DiveSightDiveSight
← Back to DiveSight

DiveSight Privacy Policy

Effective Date: April 20,2026 Last Updated: June 3, 2026

1. Introduction

DiveSight ("we," "us," or "our") operates the DiveSight mobile application (the "App") and the website at https://divesight.ai (together, the "Service"). We care about your privacy. This Privacy Policy explains what information we collect, how we use it, who we share it with, and the rights you have over your data.

By using the Service, you agree to the practices described in this Privacy Policy. If you don't agree, please don't use the Service.

Contact: DiveSight, LLC 495 Jackson Street #1210 Oakland, CA 94607 Email: admin@divesight.org

2. Information We Collect

2.1 Information you provide directly

  • Account information: When you sign up, we collect your email address and a display name.
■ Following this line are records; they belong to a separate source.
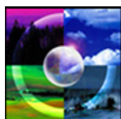
North American Carbon Program
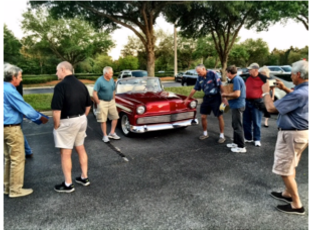
Every one was in love.
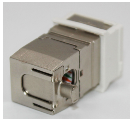
MOD-Clip Side Entry
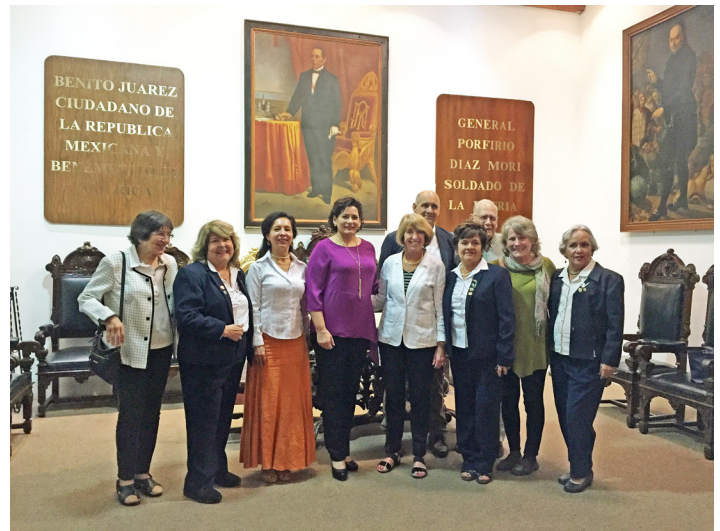
Palo Alto visitors and Oaxaca Committee members in the Oaxaca city council chambers
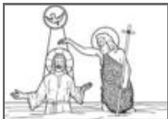
The Baptism of Repentance of the sinless Lamb of God by John, the cousin of Jesus.

Entrenamiento los días martes: 3, 10, 17 y 24 de julio 6:00 p.m. – 8:00 p.m. En la iglesia
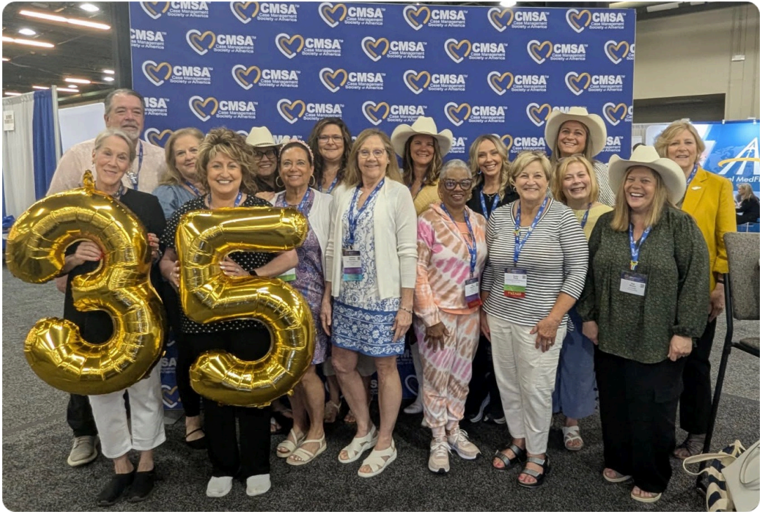
The Ambrose case managers traveled to Dallas, Texas to attend the 35th anniversary of our trade association, the Case Management Society of
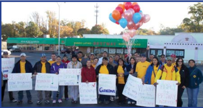
Bestway grocery workers in Virginia went back to work after being illegally fired in retaliation for forming a union.

On Monday, 31 workers at a Bestway supermarket in Falls Church, Virginia, went back to work after being illegally fired in retaliation for forming a union. The workers picketed their store for more than ten days before reaching an agreement with Bestway last week to reinstate the workers and begin negotiations for their first union contract.
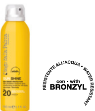
Moisturizing protective milk spray SPF20 FACE/BODY 150ml cylinder
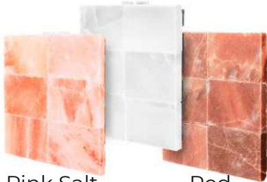
Pink Salt Panel
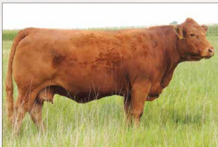
TREF YAKIRA 766Y • Dam of Lots 1-5
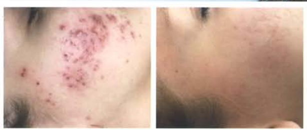
BBL® | 1 year post 8 treatments courtesy of The Skin Room
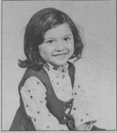
From Mom, Dad, Brother and the rest of the Family
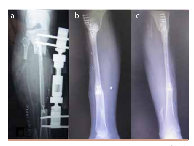
Figure 3. a-c. Postoperative anterior–posterior X-ray image of the fibula after being adapted to the tibia (a). Lateral (b) and anterior–posterior (c) X-ray image of the fibula flap with enhanced calibration, having been adapted to the tibia after 12 months following surgery

Following proper recovery, the patient was discharged on postoperative day 10. She was regularly monitored for 12 months. Beginning from postoperative month 2, controlled load was applied to the fibula flap, accompanied by stepping and walking exercises. The X-ray evaluation in postoperative month 12 revealed that fibula calibration had increased to 3/4th of the normal tibia thickness (Figure 3a–c). In the last follow-up examination, it was observed that there was no difference in the length between the extremities and that the patient was able to stand and walk without support (Figure 4).
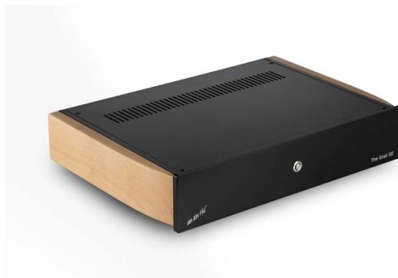
The Grail SE Amp
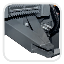
Towing hitch for linkage tool bar (draw bar optional).
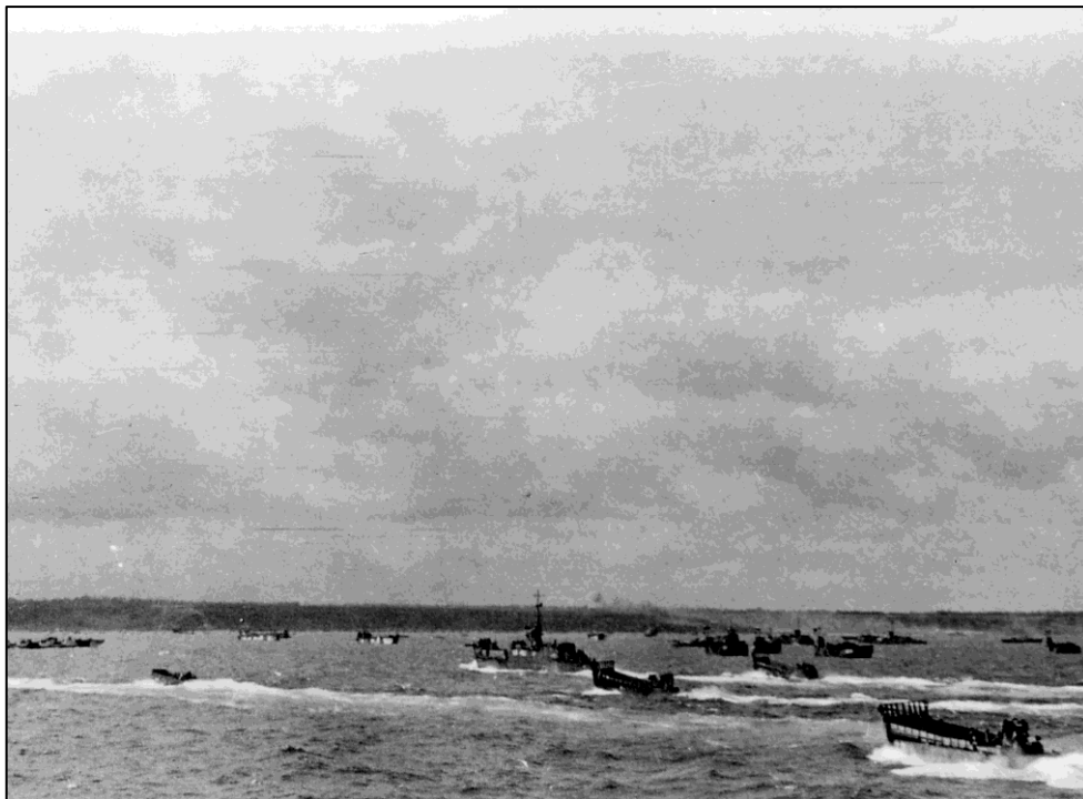
Landing craft approaching Omaha Beach on D-Day, 6 June 1944.
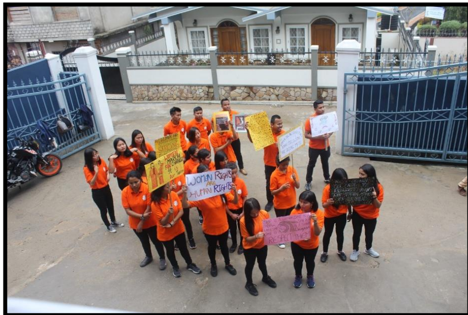
The Department of Social Work joining the rest of the nation in the 'March for Change.'
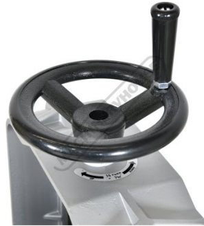
Handle For Height Adjustment
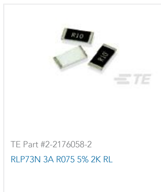
TE Part #2-2176058-2 RLP73N 3A R075 5% 2K RL
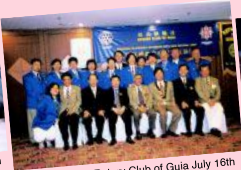
DG Official Visit Rotary Club of Guia July 16th 1999
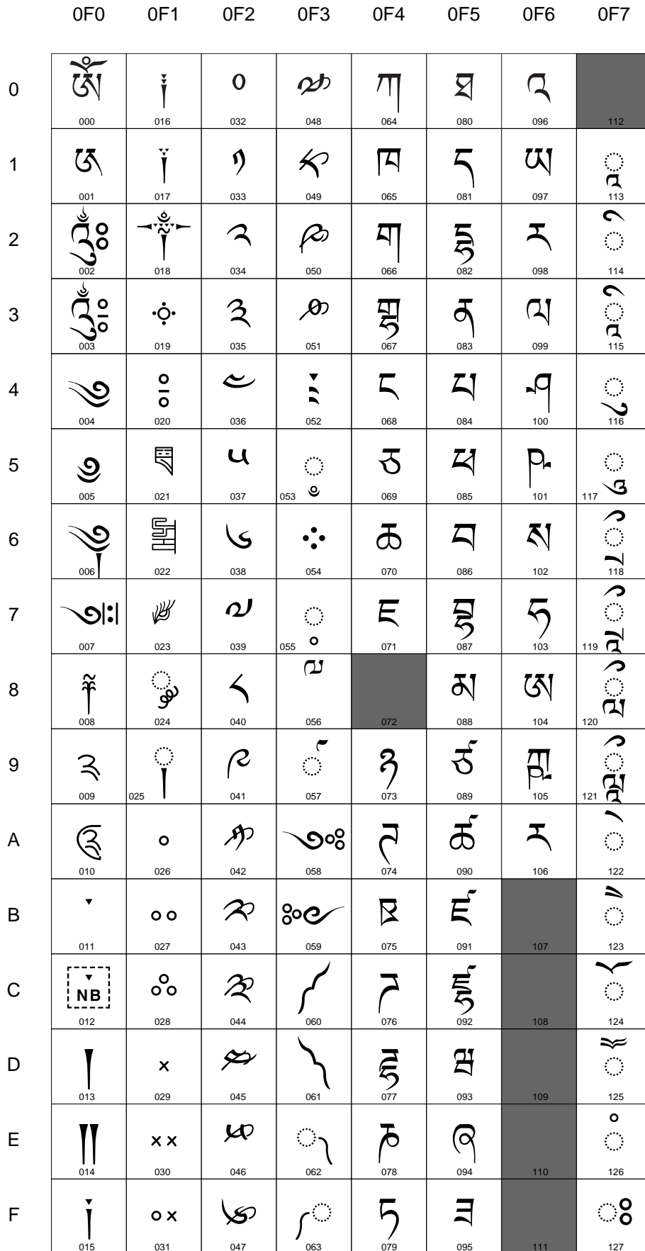
TABLE 248 - Row 0F: TIBETAN
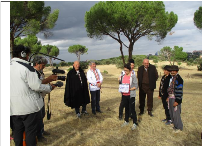
Photo 10: Preparation of a common film on Pastoralism in the framework of a Common Safeguard Plan of Transhumance and Pastoralism for IYRP
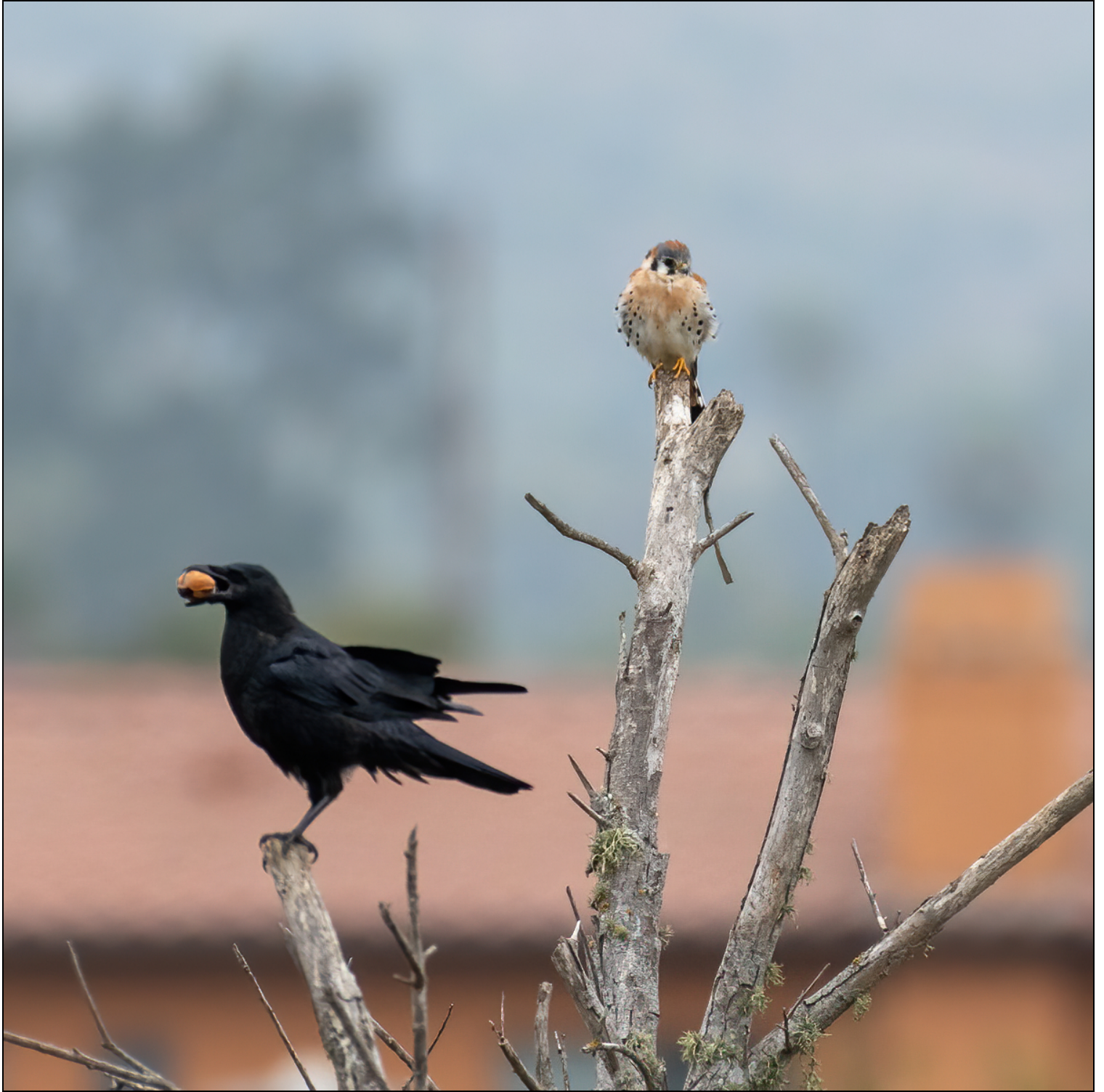
An American Kestrel and American Crow share a perch in the southwest of NCOS.
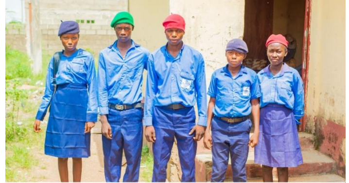
I-VEED beneficiaries at St. Paul Academy Tafawa Balewa, Bauchi state. Those with green and red Barretts are prefects, a testament to their educational, moral and leadership qualities.
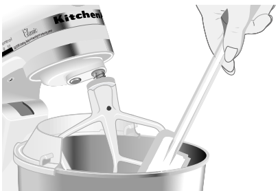
TO CLEAN: Wash in warm sudsy water. If you wish you may place on the top rack of your dishwasher.

Replace shield on rim of bowl by inserting the tabs under the tab openings and lowering to lock in place.
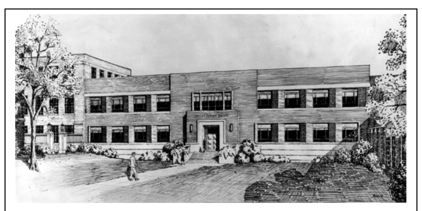
The Institute for Atomic Research, also known as The Link, was built to house the IAR's administrative offices, which physically connected the chemistry and physics departments.

That may account for the relative calm in light of newly defined lines of authority.
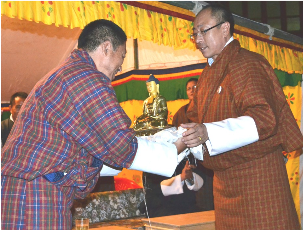
The Secretary, NLC presenting a token of memory on the evening of farewell

He has joined Bhutan Telecom as the new CEO on 1st September 2014. NLCS staff wished him all the best.
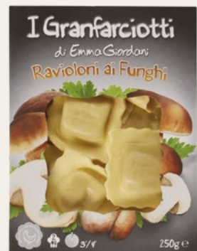
MUSHROOM RAVIOLONI 250g
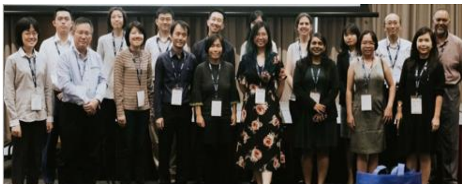
LAS 2019 Conference Speakers

We appreciate our conference sponsors for their generous support and would like to take this opportunity to express our appreciation to the conference organising committee, as well as extended members and volunteers who came forward to support the event.
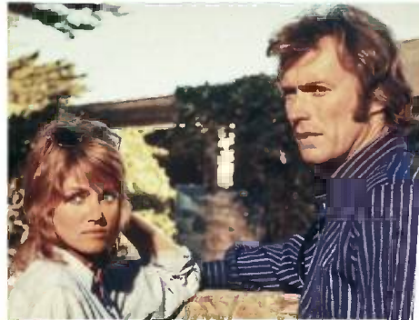
BAD ROMANCE She played the former girlfriend of Clint Eastwood's DJ character in 1971's Play Misty For Me .
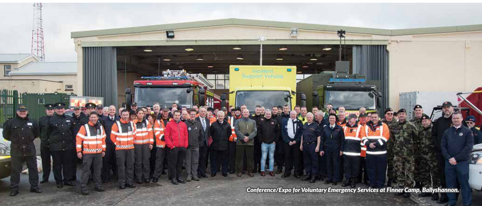
Conference/Expo for Voluntary Emergency Services at Finner Camp, Ballyshannon.

Each retained brigade has two, three hour drills each month. The drills are both lecture room and activity based and cover a spectrum of training activities.
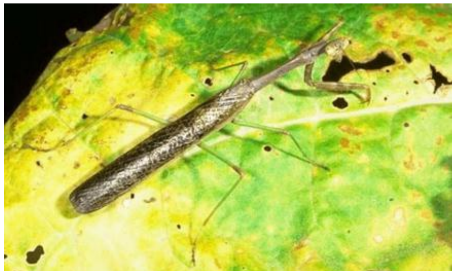
Male Carolina Mantid

There are three species of mantids in Kentucky, the European mantid ( Mantis religiosa ), Carolina mantid ( Stagmomantis carolina ), and Chinese Mantid ( Tenodera aridifolia sinensis ). The smaller, dusty brown Carolina mantid is only about 2 inches long when full grown, that is, when it has wings.
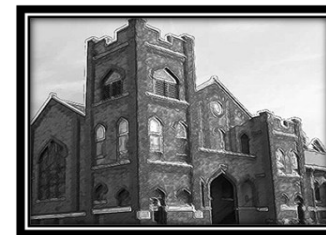
Viroqua UMC 221 S. Center Ave. Viroqua, WI 54665

God, the giver of life, generous giver of gifts and abilities, help us discover our talents and have the courage to use them to serve you and our community with unimagined new purposes on behalf of Jesus Christ. Amen.

If you sign in with Apple or Google, we receive the basic profile information those services provide (email, name).
  • Profile data: Optional details you add to your profile, including certification level, years diving, and preferred regions.
  • Dive logs: Dive records you create, including date, location, depth, duration, buddy name (if entered), notes, and any species you mark as seen.
  • Favorites and custom sites: Dive sites you favorite or add yourself (including any custom coordinates and notes).
  • Support communications: If you contact us by email, we retain those messages.

2.2 Information collected automatically

  • Device and app data: Device model, iOS version, App version, language, time zone, and crash logs.
  • Usage data: Screens viewed, features used, search queries within the app, and timestamps. This helps us improve the App.
  • Approximate location: The country/region the App is used in, derived from IP address on the server side.
  • Precise location (only with your permission): If you grant location permission, we use your precise GPS to power the "Around Me" feature and to pre-fill your current location in new dive logs. Precise location is never stored on our servers — it's used only on-device to filter nearby sites and to populate log entries you choose to save.
  • Subscription and purchase data: If you subscribe to DiveSight Pro, Apple's App Store provides us with a subscription transaction identifier and status. We do not receive or store your payment card information — Apple handles all payments.

2.3 Apple Health (HealthKit)

If you choose to import dives from Apple Health, DiveSight reads your underwater-diving workouts and their depth, water-temperature, and route samples. Imported dives are saved to your DiveSight account, like any dive you log, so they sync across your devices; this Health data is never used for advertising, shared with third parties, or sold. You can decline Health access and still use the app — dives can also be added manually or imported from dive-computer files.

2.4 Information we do NOT collect

  • We do not collect your payment card or bank details (handled entirely by Apple).
  • We do not sell your personal information to advertisers.
  • We do not track you across other apps or websites for advertising purposes.
  • We do not use third-party ad networks inside the App.

3. How We Use Information

We use the information described above to:

  1. Provide core App functionality (show dive sites, run searches, deliver forecasts, save dive logs).
  2. Authenticate you and maintain your account.
  3. Deliver personalized features (your favorites, dive log history, nearby sites).
  4. Process subscriptions and manage Pro access.
  5. Send transactional emails (account confirmations, subscription receipts, password resets).
  6. Send optional push notifications (only if you enable them) about dive conditions for your favorited sites.
  7. Improve the App — analyze usage patterns, diagnose crashes, and prioritize features.
  8. Communicate with you about the Service, including updates to this Privacy Policy.
  9. Enforce our Terms of Use and prevent fraud, abuse, and security incidents.
  10. Comply with legal obligations.

We do not sell your personal data or share your dive logs with third parties for their own purposes. Our forecast models are built primarily on public scientific data and satellite observations; where your contributions help improve them, we use that data only in aggregated or de-identified form.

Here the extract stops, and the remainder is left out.